== Segment start ==

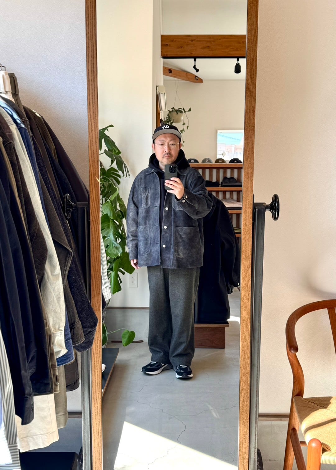 アメリカの老舗ストアブランドのカバーオールをモチーフに、ブランド独自のシルエットに落とし込んだアイテムは、親しみのあるデザインをベースにしながらも、レザー特有の存在感も併せ持った表情となりました。
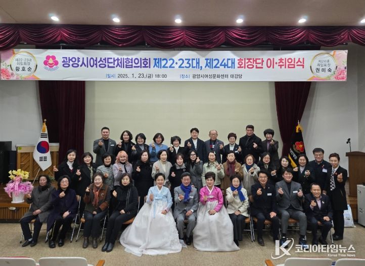코리아타임뉴스 전남취재본부 | 광양시 여성단체협의회는 지난 1월 23일, 여성문화센터 1층 대강당에서 제 22․23대 회장 이임과 제24대 회장 취임을 기념하는 이·취임식을 성황리에 개최했다.
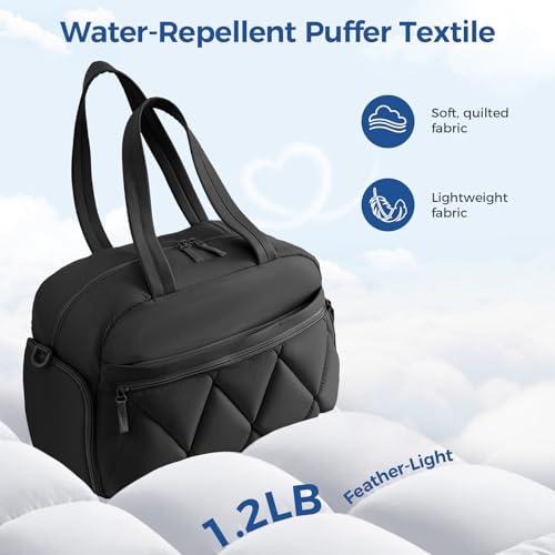 Gym Bag for Women, Puffer Travel Duffle Bag With Shoes Compartment & Wet Pocket, Carry On Tote Bag For Weekender, Overnight, Sport (Black)
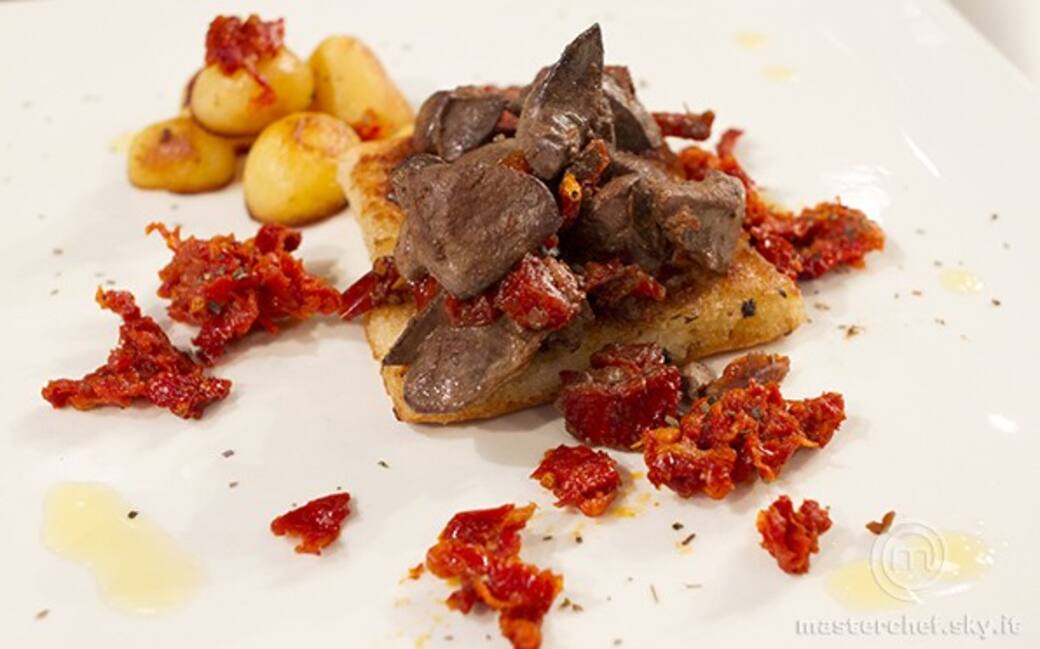 Versare i fegatini in una ciotola, mettere un po’ d’acqua e idratare per pochi minuti i pomodori secchi, aggiungere l’acqua ai fegatini, successivamente aggiungere anche i pomodori.
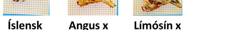 Ámynd14séstbeturhvaríslenskufölliníeldistilraunLbhÍáMöðruvöllum2014–2016lendaáEUROP skalanum.Myndinsýniraðíslenskunautinerunálægtmiðjumskalaífituenvelundirmiðjumskalaí holdum.Ííslenskakerfinuhinsvegar,eruþessiföllítveimurefstuholdaflokkunum(UNúrvaleðaUN 1)ogíraunerþarekkigertráðfyriraðtilséuholdagripirhérálandi.Ámynd15ersamanburðurá EUROPflokkunalíslenskranautgripaviðAngusogLimósíneinblendinga(nautogkvígur).Þarkemur framgríðarlegurmunuráholdaflokkumenminnimunuráfituflokkunþóaðíslenskunautinséulíka þarmeðlægstuflokkunina(ÞóroddurSveinssonogLaufeyBjarnadóttir,2000).

== Segment end ==

Retype the data exactly as it stands, but keep the images out of your copy.

 アメリカの老舗ストアブランドのカバーオールをモチーフに、ブランド独自のシルエットに落とし込んだアイテムは、親しみのあるデザインをベースにしながらも、レザー特有の存在感も併せ持った表情となりました。
코리아타임뉴스 전남취재본부 | 광양시 여성단체협의회는 지난 1월 23일, 여성문화센터 1층 대강당에서 제 22․23대 회장 이임과 제24대 회장 취임을 기념하는 이·취임식을 성황리에 개최했다.
 Gym Bag for Women, Puffer Travel Duffle Bag With Shoes Compartment & Wet Pocket, Carry On Tote Bag For Weekender, Overnight, Sport (Black)
 Versare i fegatini in una ciotola, mettere un po’ d’acqua e idratare per pochi minuti i pomodori secchi, aggiungere l’acqua ai fegatini, successivamente aggiungere anche i pomodori.
 Ámynd14séstbeturhvaríslenskufölliníeldistilraunLbhÍáMöðruvöllum2014–2016lendaáEUROP skalanum.Myndinsýniraðíslenskunautinerunálægtmiðjumskalaífituenvelundirmiðjumskalaí holdum.Ííslenskakerfinuhinsvegar,eruþessiföllítveimurefstuholdaflokkunum(UNúrvaleðaUN 1)ogíraunerþarekkigertráðfyriraðtilséuholdagripirhérálandi.Ámynd15ersamanburðurá EUROPflokkunalíslenskranautgripaviðAngusogLimósíneinblendinga(nautogkvígur).Þarkemur framgríðarlegurmunuráholdaflokkumenminnimunuráfituflokkunþóaðíslenskunautinséulíka þarmeðlægstuflokkunina(ÞóroddurSveinssonogLaufeyBjarnadóttir,2000).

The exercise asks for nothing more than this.